On the other hand, I feel like maybe this is best. and i should delete the account. But i don't know if the fact that I'll always wonder what happend, if that will hurt and be harder to move on.

Hes doing work on our house Thursday, but I won't be there.

 

I need some advice, not bashing that I had the affair, of what I should do to properly move on.

 

thank you.

Link to post
Share on other sites

I sounds like this is more for excitement. One pulling the other back of sorts.

 

Is there more to your A relationship?

 

I would not let yourself think by removing yourself from the situation will damage him. I think he played your feelings more than you think.

 

So if you are addicted, which can happen. You need to remove yourself and get over the attachment, as it is not healthy to replace what you are missing with something that is just a fix.

 

There is not weening, just say no and be done with it.

  • Like 2
Link to post
Share on other sites

Closure? No, you don't. Closure is a farce - it comes when you stop communicating with that person - that is closure!

 

You are married and have been pursuing your husbands friend.

 

Tell your husband your truth - he deserves to know.

  • Like 2
Link to post
Share on other sites

nikki...

 

I think closure comes from ourselves, not from the outside person. Sometimes there is just not going to be any way to know why another person did what they did, and no way to find out. I held on to hurt regarding a best friend for almost 20 years because our relationship ended and I never knew why. When my A ended, I could see the possibility of holding on to that hurt for years as well, that I would never know why he did or said certain things.

 

So I created my own closure, let those feelings go in both situations. Maybe I'm getting old, but I'm starting to see that there are some questions in life that I'm just never going to know the answers for. The above are two of them...and that is okay.

 

Good luck,

B

  • Like 5
Link to post
Share on other sites
  • Author
I sounds like this is more for excitement. One pulling the other back of sorts.

 

Is there more to your A relationship?

 

I would not let yourself think by removing yourself from the situation will damage him. I think he played your feelings more than you think.

 

So if you are addicted, which can happen. You need to remove yourself and get over the attachment, as it is not healthy to replace what you are missing with something that is just a fix.

 

There is not weening, just say no and be done with it.

 

I totally agree that this was defiantly an addiction! I think part of me doesnt want to delete, because i'm hoping to hear from him again. because i want that fix/high.

Link to post
Share on other sites

I felt that in how things are with my SM. Though we found unconditional love first. Much later we became more physical in sharing our passions. I admit I enabled her passions that have been repressed for many years.
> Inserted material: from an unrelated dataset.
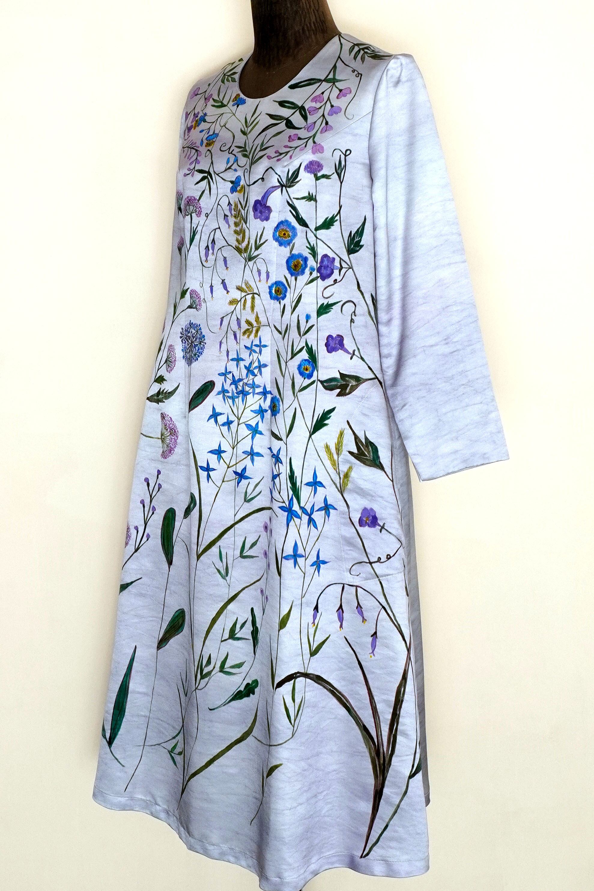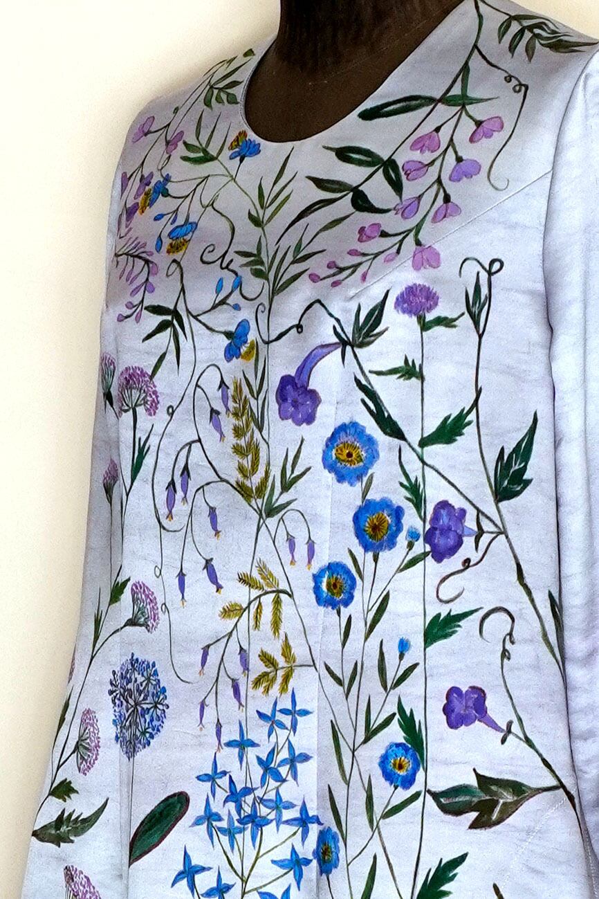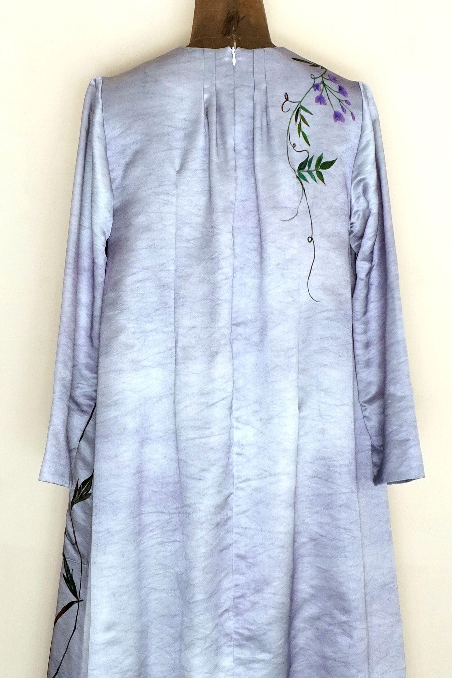 とびきり上質なシルクを錫紫に染め小さき花たちを伸びやかに描きました。フォーマルな場でお楽しみ頂けますと幸いです。

Feeling them come alive is addicting in its self.

 

For you, you may find a way to build them passions back with your H.

 

Simple things like finding nice ways of showing your sexuality that tempts him.

 

Finding new knickers that you may have felt to naughty at one time. Though they are best used with a lacey nighty. Playing with body oils and lubes. Then once you got his attention, sext him when he is not expecting. Or interrupt his show with a sext and keep on until he meets you where you are in waiting.

 

SOrry if I seem so into the thoughts... I tend to be that way, taking wee ideas out and sharing them. So you can see stuff like that is all apart of sexual desires. A woman has them, just it is a shame most don't get the hunt they deserve, let alone they want.

 

You can turn it around, and make your relationship the best it has ever been.

  • Like 1
Link to post
Share on other sites
  • Author
I felt that in how things are with my SM. Though we found unconditional love first. Much later we became more physical in sharing our passions. I admit I enabled her passions that have been repressed for many years. Feeling them come alive is addicting in its self.

 

For you, you may find a way to build them passions back with your H.

 

Simple things like finding nice ways of showing your sexuality that tempts him.

 

Finding new knickers that you may have felt to naughty at one time. Though they are best used with a lacey nighty. Playing with body oils and lubes. Then once you got his attention, sext him when he is not expecting. Or interrupt his show with a sext and keep on until he meets you where you are in waiting.

 

SOrry if I seem so into the thoughts... I tend to be that way, taking wee ideas out and sharing them. So you can see stuff like that is all apart of sexual desires. A woman has them, just it is a shame most don't get the hunt they deserve, let alone they want.

 

You can turn it around, and make your relationship the best it has ever been.

 

Thats exactly what my i guess now xAP and I lack from our marriage, was that physical touch and affection.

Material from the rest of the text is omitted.